Now, this writer and others wrote to the DOH’s  Cheryl Veith asking her to put us on a several years old email-list that tells the public when the TBISCC is having its public meetings and sends out agendas and minutes when they become available. Apparently the DOH has decided the mailing list was too friendly. Ms. Veith responded with “We have recently implemented a process whereby announcement of scheduled TBICC meetings, minutes of the last meeting, and a draft agenda for the next scheduled meeting will be posted for the public to view on the Department of Health website at: www.nyhealth.gov/events/meetings/index.htm.”

Some who live with brain injuries live with memory deficits, processing challenges, and more. Wading through a website can be tantamount to climbing Mt.
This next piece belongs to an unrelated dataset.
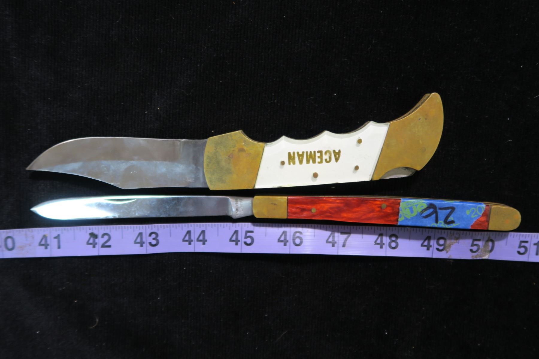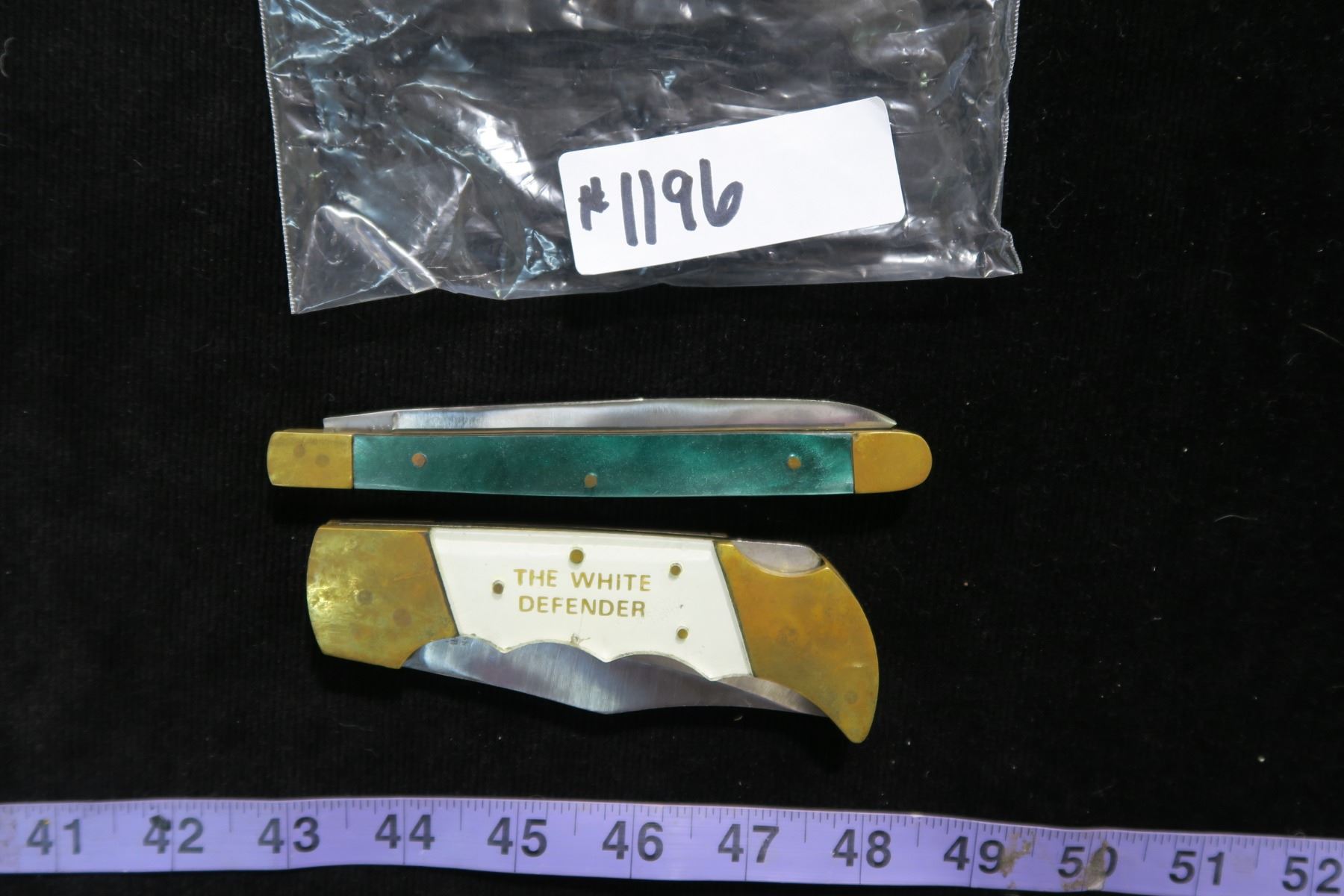#1196 - 2 Vintage Stainless Pakistan Knives; The White Defender and Red and Green Pearlesque handle

Everest without oxygen.  This fact has been shared with Ms. Veith and other DOH officials like Deputy Commissioner Mark Kissinger, Mary Ann Anglin, Lydia Kosinski and Carla Williams, all of whom will do their level best to convince anyone who crosses their path that they really really really care about brain injury survivors. So far, a large number of survivors and their families and healthcare professionals who work hard to help us think that’s bunk.
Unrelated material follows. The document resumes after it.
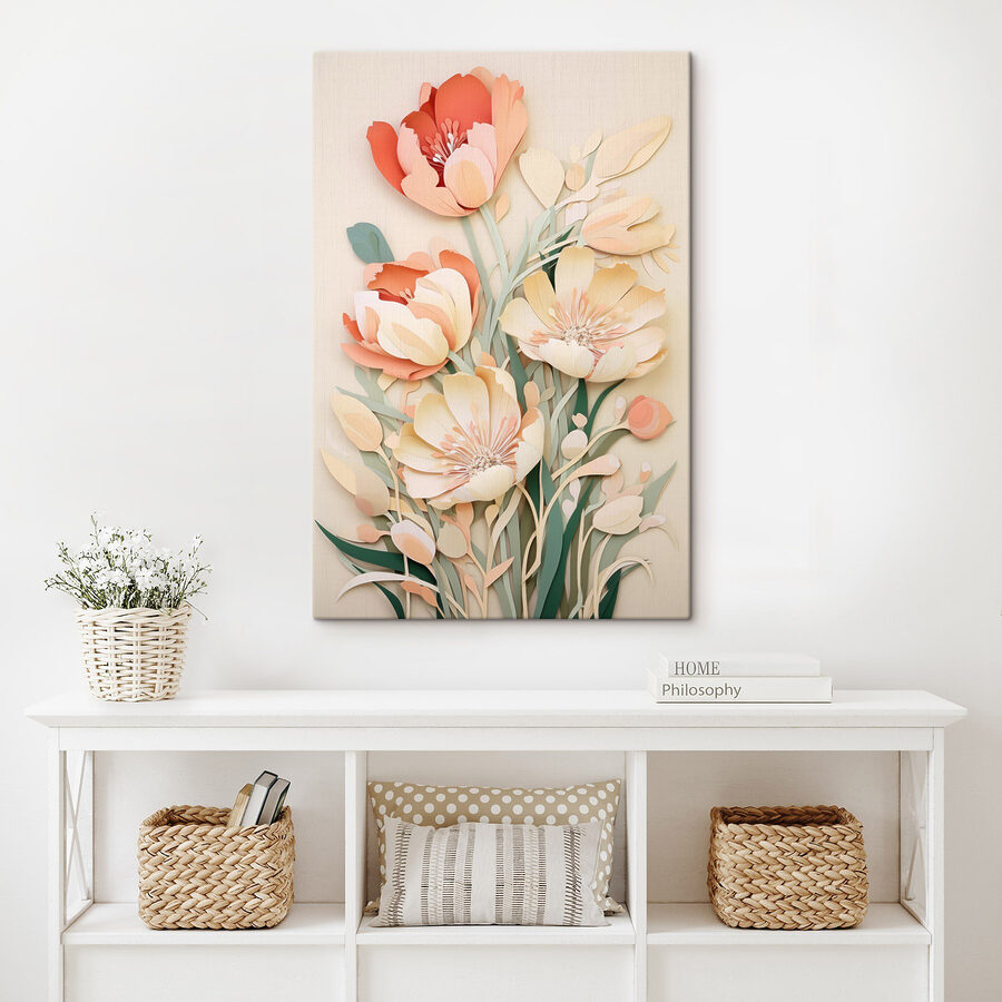 Transformeer elke ruimte met deze betoverende canvasprint met prachtige papiergesneden bloemen die een vleugje natuur binnenshuis brengen. Stel je voor dat je je kamer binnenloopt en een golf van rust over je heen voelt komen, terwijl deze levendige bloemen op de muur dansen en het hele jaar door lentegevoelens oproepen. Perfect om een woonkamer op te fleuren of een speelse draai aan een slaapkamer te geven, het is alsof je een persoonlijke tuin hebt zonder het gedoe van water geven. Vrienden zullen zich afvragen hoe je zo’n moeiteloze charme voor elkaar krijgt. Het is niet alleen decor; het is een uitnodiging om even te stoppen en aan de bloemen te ruiken – of in dit geval, ze te bewonderen.

Reinstating the email list is, to use a phrase right out of the ADA, a reasonable accommodation for those of us who live with brain injuries. I doubt they will reinstate it   because for some time now there are two words no one links to the NYS DOH: reasonable and accommodating.

NYS DOH Evasiveness, the BI Council & Unpaid Providers–Part II

NYS Department of Health numbers released at last week’s meeting of the TBISCC (Traumatic Brain Injury Services Coordinating Council) reveal that TBI Waiver providers across the state may not be getting paid for nearly 11 percent of those individuals on the waiver. The DOH figures for March reveal that while there were 2,839 people were on the waiver, only 2,527 were billed for and 312, or 10.98 percent to be precise, were not.
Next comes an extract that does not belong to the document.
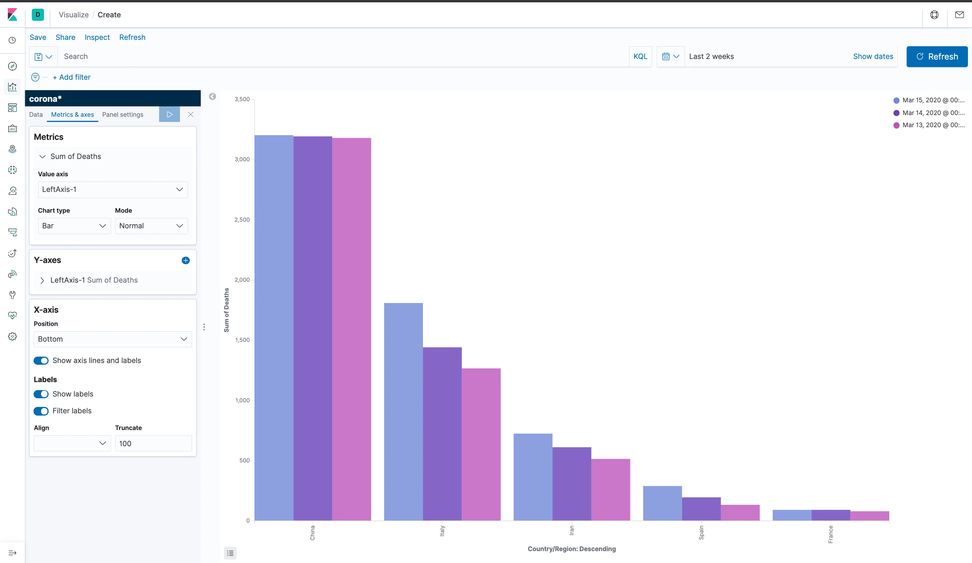 Now, that's more like it! We can now clearly see the differences between the data from different days for different countries. What's still unconventional, is the order of the columns: they're currently being sorted by a descending sum of deaths. While that's an optimistic way to spin the data, what we really want is to sort it by date, in an ascending order. To do that, go back to the data tab on the left and order the split series by a custom metric, which will be a maximum of the timestamp field, and choose to sort it in an ascending order.

In every region in the state it appears waiver providers are doing significantly more work than they are getting paid for, a fact the DOH was and is quick to blame on anyone but the DOH.  Some of the numbers are staggering. In New York City it seems providers are not getting paid for nearly 22 percent of those on the waiver with 374 enrolled and only 293 getting billed for. In Long Island providers were not paid for 14.2 percent of their waiver participants and in the Binghamton/Southern Tier region they were not paid for 12.29 percent.

While TBISCC chair Michael Kaplen pressed DOH officials at the meeting for an explanation of the numbers’ discrepancies, both Kaplen and DOH Official Maribeth Gnozzio speculated that the reasons for the discrepancies in the numbers may the responsibility of anyone but the DOH itself.  Gnozzio was more generous with her finger pointing, placing the reason for the discrepancies at nearly everyone’s feet but the DOH’s. She blamed the counties, delays in billing, lapses in service coordination, and fair hearings. Kaplen, on the other hand, speculated that the reasons may some are on the waiver who don’t need to be and others may not getting waver services. However, Kaplen made it clear the issues was a significant one when he said, “This is a huge number to go unaccounted for.”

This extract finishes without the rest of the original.